● WHAT YOU NEED TO DO: Please output exactly the lines below, starting at the line that has "bar, 20 μm." and ending at the line that has "Met een robuuste", both included; leave out all pictures and include nothing else.

● INFORMATION SUPPLIED:
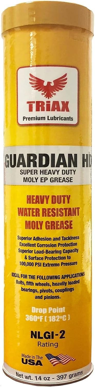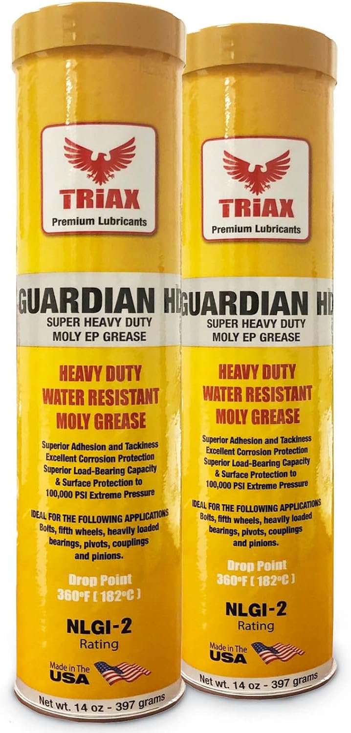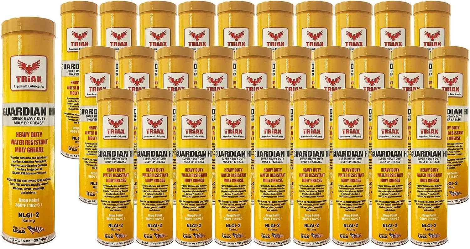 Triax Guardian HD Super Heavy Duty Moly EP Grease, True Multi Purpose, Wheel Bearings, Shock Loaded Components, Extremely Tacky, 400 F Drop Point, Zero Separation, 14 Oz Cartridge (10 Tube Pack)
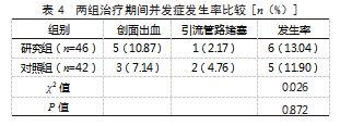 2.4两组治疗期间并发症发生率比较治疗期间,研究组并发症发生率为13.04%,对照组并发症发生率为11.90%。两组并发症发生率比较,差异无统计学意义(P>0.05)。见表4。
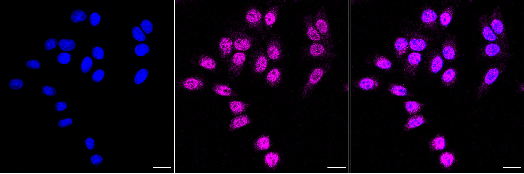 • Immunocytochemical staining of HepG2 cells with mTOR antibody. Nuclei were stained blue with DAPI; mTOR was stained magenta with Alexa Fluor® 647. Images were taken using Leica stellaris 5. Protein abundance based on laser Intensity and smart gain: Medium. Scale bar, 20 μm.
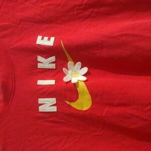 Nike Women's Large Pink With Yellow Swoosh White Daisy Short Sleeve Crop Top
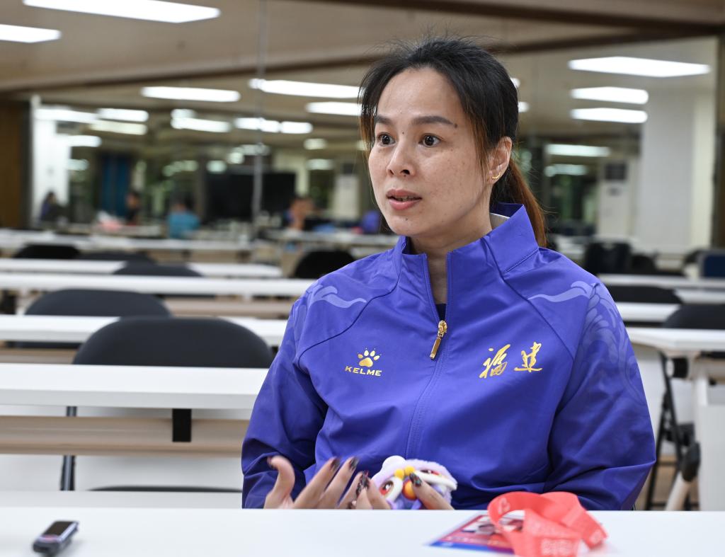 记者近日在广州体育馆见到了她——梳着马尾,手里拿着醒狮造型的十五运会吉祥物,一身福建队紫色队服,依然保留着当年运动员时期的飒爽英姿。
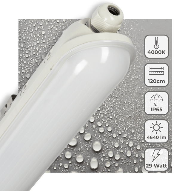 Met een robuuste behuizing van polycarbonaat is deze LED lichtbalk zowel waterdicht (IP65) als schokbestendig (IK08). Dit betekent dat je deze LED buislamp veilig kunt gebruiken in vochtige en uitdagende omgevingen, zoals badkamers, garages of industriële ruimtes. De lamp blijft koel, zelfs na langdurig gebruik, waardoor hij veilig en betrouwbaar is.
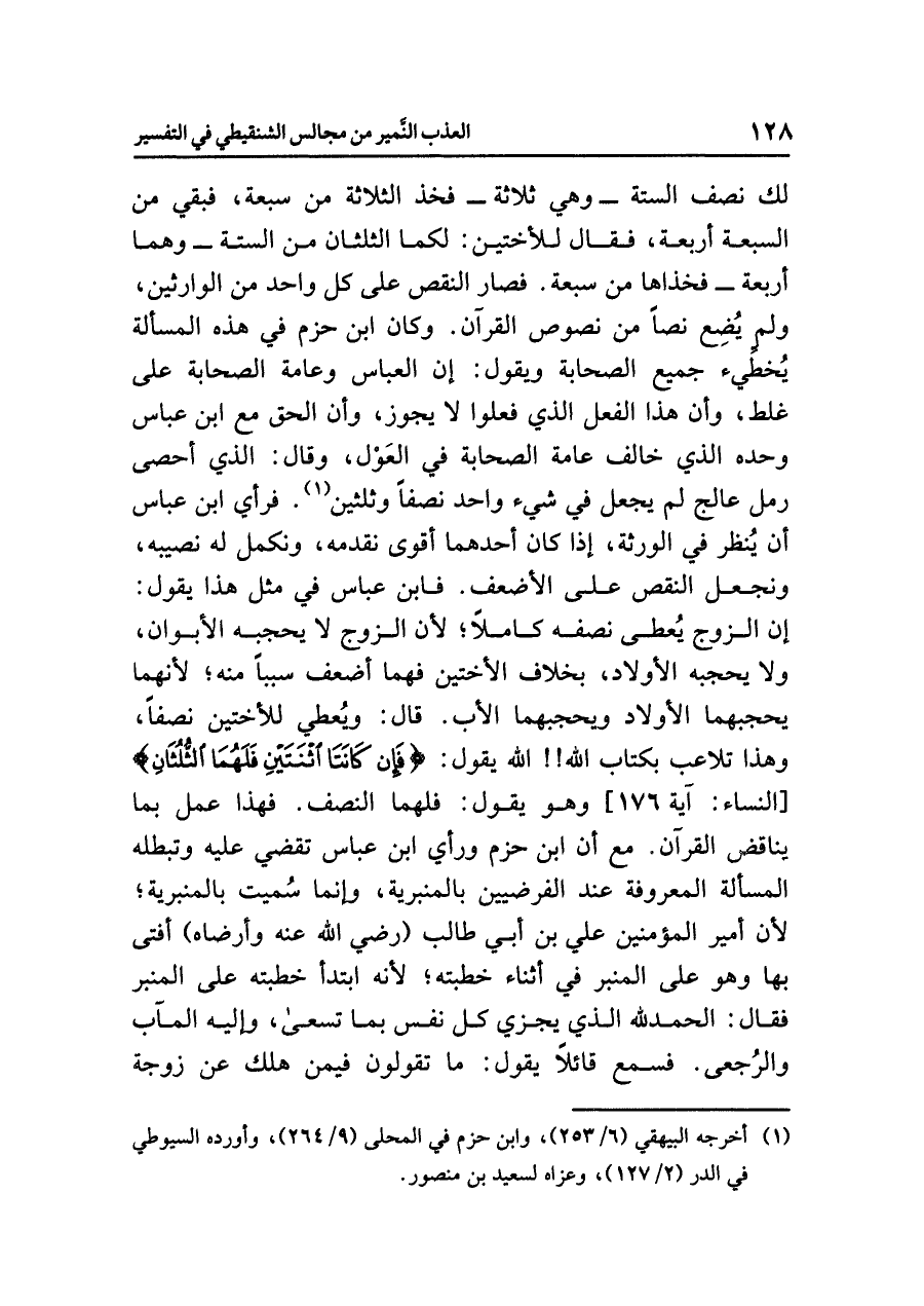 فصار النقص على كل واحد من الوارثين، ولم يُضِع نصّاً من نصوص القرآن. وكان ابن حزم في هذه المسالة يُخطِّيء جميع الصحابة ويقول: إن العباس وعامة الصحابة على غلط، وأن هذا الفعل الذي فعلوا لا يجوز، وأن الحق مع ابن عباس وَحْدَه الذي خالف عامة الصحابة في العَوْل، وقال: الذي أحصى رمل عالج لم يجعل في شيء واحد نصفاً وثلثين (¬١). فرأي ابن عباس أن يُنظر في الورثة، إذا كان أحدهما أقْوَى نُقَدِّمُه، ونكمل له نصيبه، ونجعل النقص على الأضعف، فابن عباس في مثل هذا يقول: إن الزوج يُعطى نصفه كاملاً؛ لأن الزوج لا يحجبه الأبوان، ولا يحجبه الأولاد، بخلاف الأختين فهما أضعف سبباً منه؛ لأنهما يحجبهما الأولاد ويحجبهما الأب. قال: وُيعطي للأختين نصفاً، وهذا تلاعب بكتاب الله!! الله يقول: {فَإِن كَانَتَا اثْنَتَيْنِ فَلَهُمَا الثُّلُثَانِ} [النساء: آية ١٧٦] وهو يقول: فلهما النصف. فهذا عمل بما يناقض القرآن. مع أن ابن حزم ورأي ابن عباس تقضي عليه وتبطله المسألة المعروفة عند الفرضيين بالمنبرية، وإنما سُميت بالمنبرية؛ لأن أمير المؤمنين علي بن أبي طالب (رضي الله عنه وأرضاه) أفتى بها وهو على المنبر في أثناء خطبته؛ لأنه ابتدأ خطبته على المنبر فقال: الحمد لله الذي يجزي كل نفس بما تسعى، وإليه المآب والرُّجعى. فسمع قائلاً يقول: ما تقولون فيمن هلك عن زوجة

--

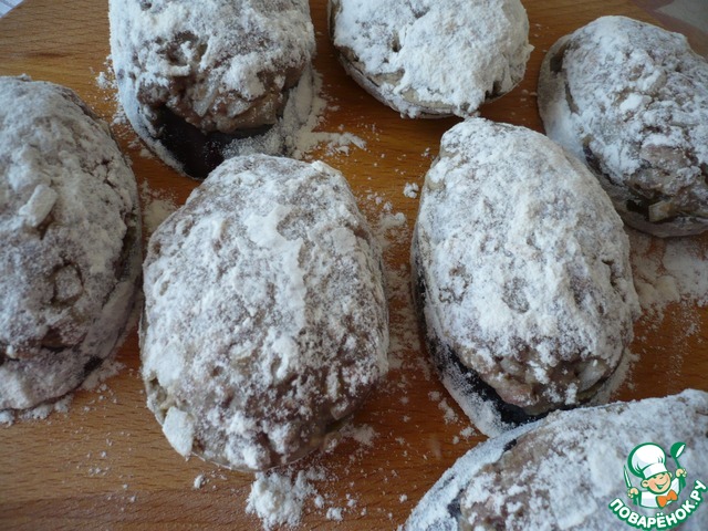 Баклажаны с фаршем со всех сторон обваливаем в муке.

● ANSWER BOX:
 • Immunocytochemical staining of HepG2 cells with mTOR antibody. Nuclei were stained blue with DAPI; mTOR was stained magenta with Alexa Fluor® 647. Images were taken using Leica stellaris 5. Protein abundance based on laser Intensity and smart gain: Medium. Scale bar, 20 μm.
 Nike Women's Large Pink With Yellow Swoosh White Daisy Short Sleeve Crop Top
 记者近日在广州体育馆见到了她——梳着马尾,手里拿着醒狮造型的十五运会吉祥物,一身福建队紫色队服,依然保留着当年运动员时期的飒爽英姿。
 Met een robuuste behuizing van polycarbonaat is deze LED lichtbalk zowel waterdicht (IP65) als schokbestendig (IK08). Dit betekent dat je deze LED buislamp veilig kunt gebruiken in vochtige en uitdagende omgevingen, zoals badkamers, garages of industriële ruimtes. De lamp blijft koel, zelfs na langdurig gebruik, waardoor hij veilig en betrouwbaar is.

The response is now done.